The Skeletons with Heart Disease

My article this week was about the researchers from an earlier blog post that I wrote who found the first human remains of someone who had cancer. This week, the same researchers found the first group of skeletons (According to the article, the group consists of three females and two males who here between the ages of 35 and 50 years old; the normal age range that people start  to develop heart disease and stroke) who had atherosclerosis, the thickening of the wall of one’s arteries with plaque.  As these plaque harden, they block your arteries  that make it hard for blood to move through your body. This also according to the article, is one of the main causes of heart attacks and strokes.  In the  past, since there has not been a lot of remains found with this condition, this can shed some new light on the history and evolution of heart disease and stroke. This discovery will also shed some light on the causes of heart disease and stroke and compare them to the causes today and in turn show scientists the way in which these diseases have changed throughout the centuries. This will then lead researchers and scientists to predict how the symptoms of  heart disease and stroke  might change, what they could evolve to and the new ways in which these illnesses could be treated and prevented in the future. Once again, the importance of archaeology is highlighted here in the article. In order to learn about our present and to change the future, we must learn about  the past especially when it comes to diseases since they evolve just as human do. If we can figure out what the causes of heart disease and stroke were back then, it will give us a better understanding of the diseases today which could also make a gateway for understanding other diseases such as obesity and diabetes since today, they all have similar risk factors.

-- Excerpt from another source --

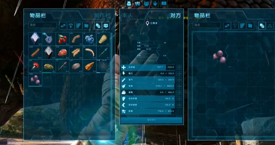 三角龙的驯服流程需要先使用麻醉箭或弹弓将其击晕,注意其头部具有伤害减免效果,建议瞄准身体或腿部攻击。击晕后打开物品栏放入紫色浆果,若恐龙处于饱食状态,可通过强制喂食白色浆果(Narcoberry)降低饱食度。黑色浆果(Stimberry)用于维持眩晕值,需在眩晕条下降至50%时补充。驯服低等级(20级以下)三角龙约需40分钟,消耗50-80个紫色浆果,这是性价比最高的选择。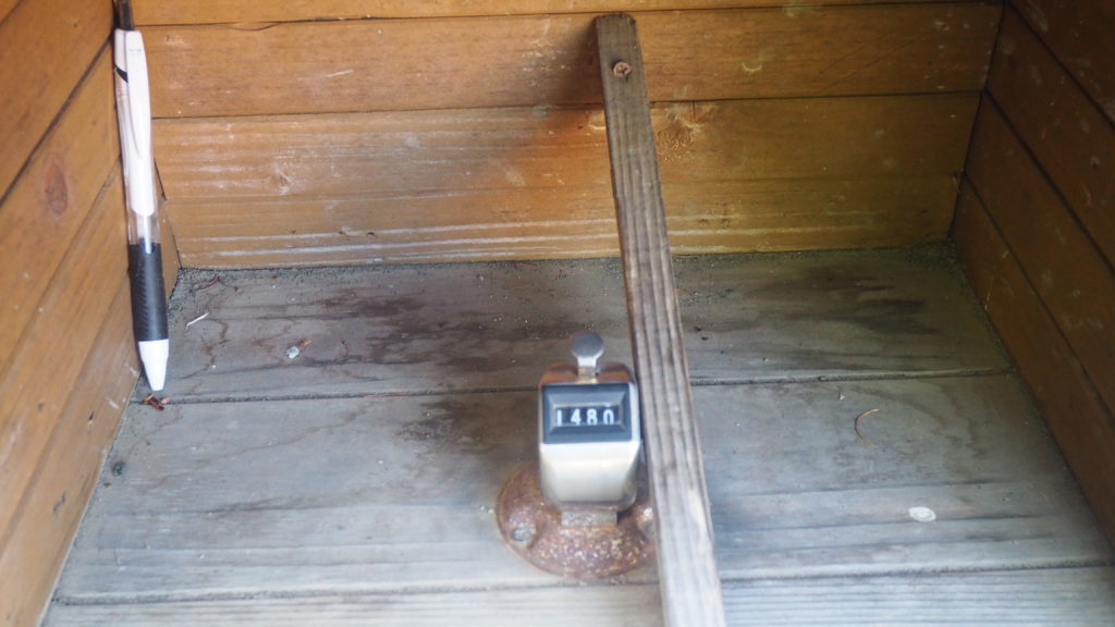 登山口には手作りの杖と入山者カウンターが設置されていました。

3 thoughts on “The Skeletons with Heart Disease

  1. First off, and also kind of a random tangent, I really like how you are doing a follow up post to something you read and wrote about earlier. Back to the actual article though. This is exactly the kind of thing I find most interesting. Finding remains that show signs of heart disease and stroke is amazing. I do not quite understand how they were able to determine that these bodies had this condition, but it is an amazing discovery nevertheless. My real fascination, however, is for the potential benefits this discovery could have on modern medicine. Or at least information on how the disease came about. I find that I have to keep reminding myself that archaeology is not just pot pieces and foundations, which you would think I would understand after a whole semester of this class! (I constantly find my thoughts drifting towards an Indiana Jones way of thinking). The possible benefits from archaeological research could aid more than just our understanding of the past, but can also give us valuable perceptions about the modern world as well. And one of the coolest things about it, is that there is new information to be found every day.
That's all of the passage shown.